Question

what is the final velocity (in m/s) of a hoop that rolls without slipping down a 6.50-m-high hill, starting from rest?

Answer 1

Approximately
`7.99\; {\rm m\cdot s^(-1)}`.

(Assuming that
`g = 9.81\; {\rm N \cdot kg^(-1)}` and that the thickness of the loop is negligible.)

Step-by-step explanation:

Let
`m` denote the mass of the hoop, and let
`r` denote its radius.

Under the assumptions, the moment of inertia of this hoop would be:

`\displaystyle I = m\, r^(2)`.

Let
`v` denote the linear velocity of the hoop at the bottom of the hill. The linear kinetic energy of the hoop would be:

`\displaystyle (1)/(2)\, m\, v^(2)`.

Since the hoop is rolling without slipping, its angular velocity would be
`\omega = v / r`. The rotational kinetic energy of the hoop would be:

`\begin{aligned}(1)/(2)\, I\, \omega^(2) &= (1)/(2)\, (m\, r^(2))\, \left((v)/(r)\right)^(2) \\ &= (1)/(2)\, (m\, r^(2)\, v^(2))/(r^(2)) \\ &= (1)/(2)\, m\, v^(2)\end{aligned}`.

The total kinetic energy of the hoop (linear and rotational) would be:

`\begin{aligned}& (1)/(2)\, m\, v^(2) + (1)/(2)\, I\, \omega^(2) \\ =\; & (1)/(2)\, m\, v^(2) + (1)/(2)\, m\, v^(2) \\ =\; & m\, v^(2) \end{aligned}`.

Assuming that total mechanical energy is conserved.
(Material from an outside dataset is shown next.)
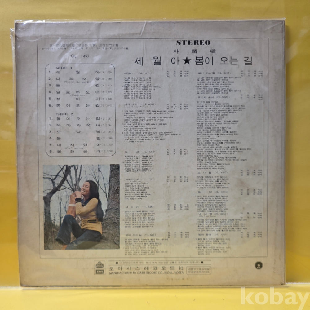 상품 설명 | Side A 1. 세월아 2. 나의 소망 3. 들길 4. 알로하오에 5. 섬아기 6. 봄이 오는길 Side B 1. 봄이 오는길 2. 목마와 숙녀 3. 모닥불 4. 돌밤 5. 내사랑아 6. 몰래 몰래 |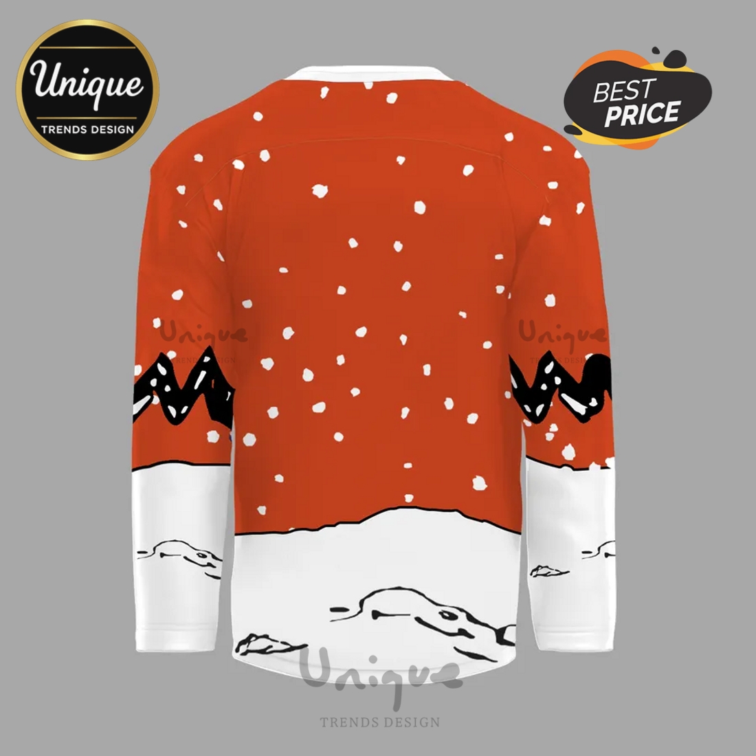 Beyond its captivating visual design, the jersey is constructed with the quality expected of an authentic or high-grade replica hockey garment. Fashioned from durable, breathable, and moisture-wicking polyester knit fabric, it’s engineered for comfort whether worn during an intense game day, a casual outing, or as part of a collector’s display. Reinforced stitching throughout, particularly at the seams and around embellishments, ensures longevity, while a performance-inspired fit offers a comfortable drape without being overly restrictive. The neckline, likely a V-neck or a classic rounded style, will provide optimal comfort, and some versions might even include a fight strap, traditionally found on authentic player jerseys, adding to its genuine feel. The tactile experience of the premium fabrics and the intricate detailing of the design elements, from the team crest to the Snoopy graphics, will immediately convey its superior craftsmanship. This isn’t merely a graphic tee; it’s a meticulously fabricated piece of apparel designed to withstand regular wear while maintaining its aesthetic integrity.

Change in the Kinetic energy that the loop has gained would be the opposite of the change in the gravitational potential energy (GPE):

`\begin{aligned}(\text{change in GPE}) &= m\, g\, \Delta h\end{aligned}`,

Where:

• 
  `g = 9.81\; {\rm N\cdot kg^(-1)}` by assumption, and
• 
  `\Delta h = (-6.50)\; {\rm m}` is the change in the height of the hoop.

By the conservation of energy:

`(\text{change in KE}) + (\text{change in GPE}) = 0`.

`m\, v^(2) + m\, g\, \Delta h = 0`.

Solve for
`v`:

`\begin{aligned}m\, v^(2) &= m\, g\, (-\Delta h)\end{aligned}`.

`\begin{aligned}v &= √(g\, (-\Delta h)) \\ &= √((9.81)\, (-(-6.50)))\; {\rm m\cdot s^(-1)} \\ &\approx 7.99\; {\rm m\cdot s^(-1)}\end{aligned}`.

In other words, the velocity of the loop would be approximately
`7.99\; {\rm m\cdot s^(-1)}` at the bottom of the hill.